**Action item:** Beginning at the line with "Платье на пуговицах, пояс", please repeat each line exactly through the end of the records below, including that first line and the last, but no pictures.

----- Dataset records

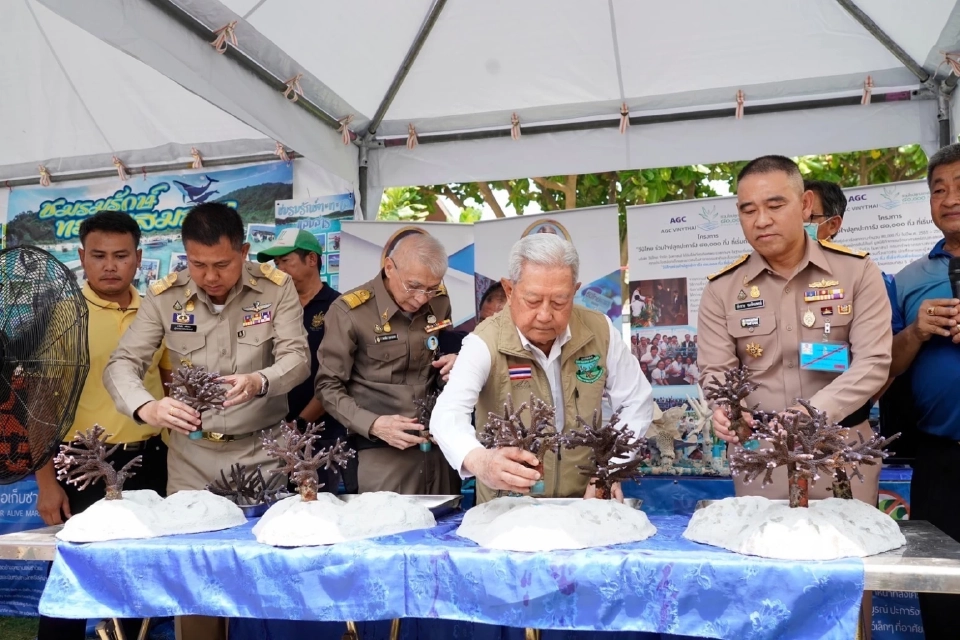 โดยได้รับเกียรติจาก พลเอก สุรยุทธ์ จุลานนท์ ประธานมูลนิธิพิทักษ์อุทยานแห่งชาติเขาใหญ่ เป็นประธานในพิธีวางปะการังเทียมเป็นปฐมฤกษ์ โดยมีพลเรือเอก เชิงชาย ชมเชิงแพทย์ ผู้บัญชาการทหารเรือ นายพรชัย จุฑามาศ กรรมการและเลขานุการ มูลนิธิอนุรักษ์พันธุกรรมพืช สมเด็จพระเทพรัตนราชสุดาฯ สยามบรมราชกุมารี (มูลนิธิ อพ.สธ.) นายสุภกิต เจียรวนนท์ ประธานกรรมการ เครือเจริญโภคภัณฑ์ นายสมพันธ์ จารุมิลินท ประธานคณะทำงานอนุรักษ์ทรัพยากรธรรมชาติและสิ่งแวดล้อมทะเลไทย มูลนิธิพิทักษ์อุทยานแห่งชาติเขาใหญ่ ร่วมพิธี ณ พิพิธภัณฑ์ธรรมชาติวิทยาเกาะและทะเลไทย และร่วมกิจกรรมวางปะการังเทียม สร้างบ้านปลา ปล่อยเต่า และปลูกต้นไม้ บริเวณหน้าหาดทิศตะวันออกของเกาะแสมสาร อำเภอสัตหีบ จังหวัดชลบุรี
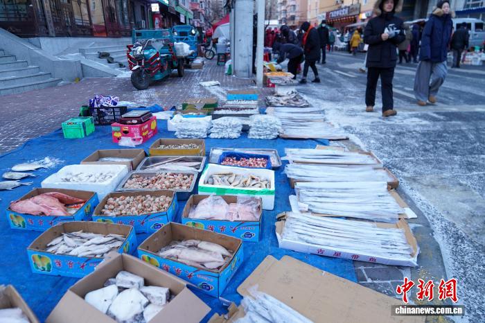 12月2日,黑龙江哈尔滨,各种冻鱼摆上街头售卖。当日,哈尔滨最高气温今冬首次降到-10℃以下,室外秒变“天然大冰箱”,商贩将冻鱼、冻鸡、冻柿子等摆上街头售卖。中新社记者 赵宇航 摄
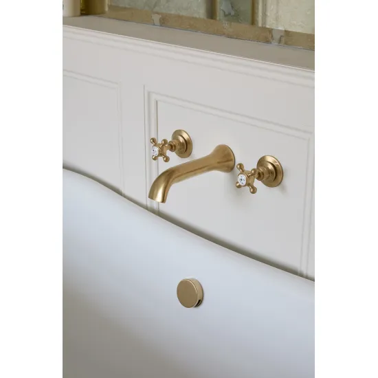 BC Designs Victrion Wall Mount Crosshead 3 Tap Hole Bath Filler Tap - Brushed Gold
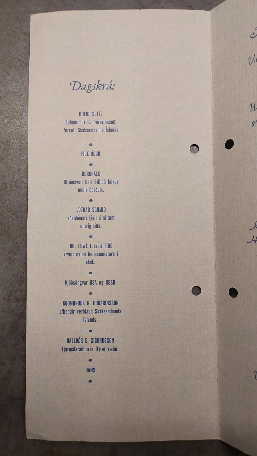 / WCC 1972 – Fischer vs. Spassky Conclusional Banquet Menu – Laugardalshjoll
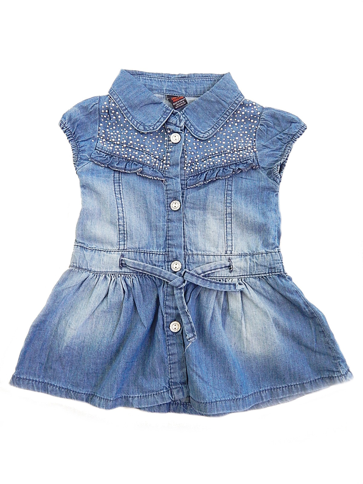 Платье на пуговицах, пояс на завязке. Украшено паетками.
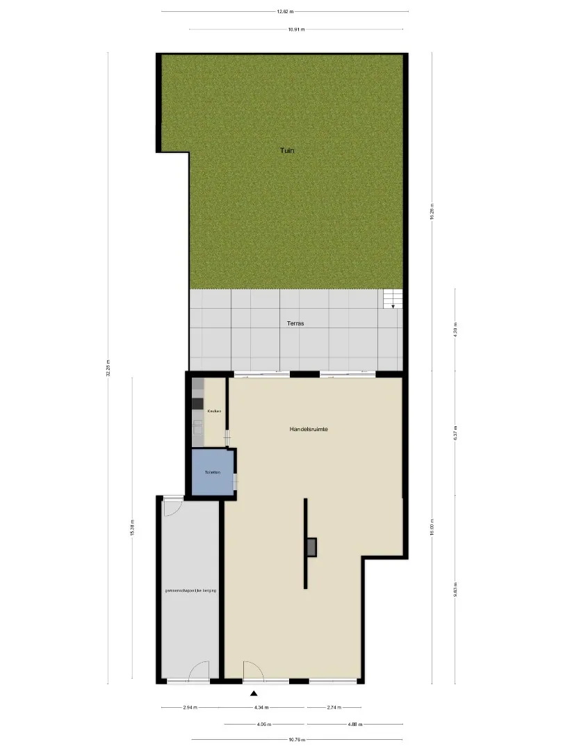 Het pand beschikt over een ruime, open handelsruimte met privékeuken, twee toiletten en een privatieve kelder die extra bergruimte biedt. Een absolute troef is de uitzonderlijk grote zuidgerichte tuin met ruim zonneterras, wat dit pand uniek maakt voor een commerciële ruimte op zo’n centrale locatie.
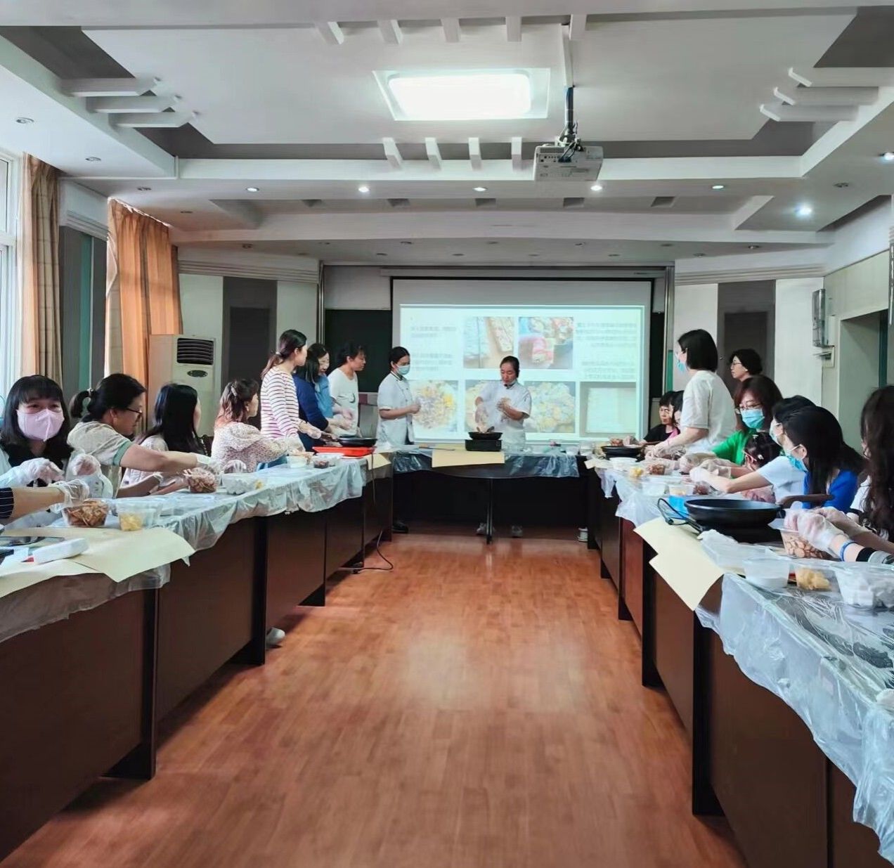 活动伊始,辅导老师讲解雪花酥制作所需的配料,示范如何制作雪花酥,以及制作雪花酥的技巧和注意事项,同时分享了家庭沟通的小技巧。接着,在辅导老师和工作人员的协助下,各位女教职工按步骤开始亲手制作雪花酥。

----------

**Final answer:**
 Платье на пуговицах, пояс на завязке. Украшено паетками.
 Het pand beschikt over een ruime, open handelsruimte met privékeuken, twee toiletten en een privatieve kelder die extra bergruimte biedt. Een absolute troef is de uitzonderlijk grote zuidgerichte tuin met ruim zonneterras, wat dit pand uniek maakt voor een commerciële ruimte op zo’n centrale locatie.
 活动伊始,辅导老师讲解雪花酥制作所需的配料,示范如何制作雪花酥,以及制作雪花酥的技巧和注意事项,同时分享了家庭沟通的小技巧。接着,在辅导老师和工作人员的协助下,各位女教职工按步骤开始亲手制作雪花酥。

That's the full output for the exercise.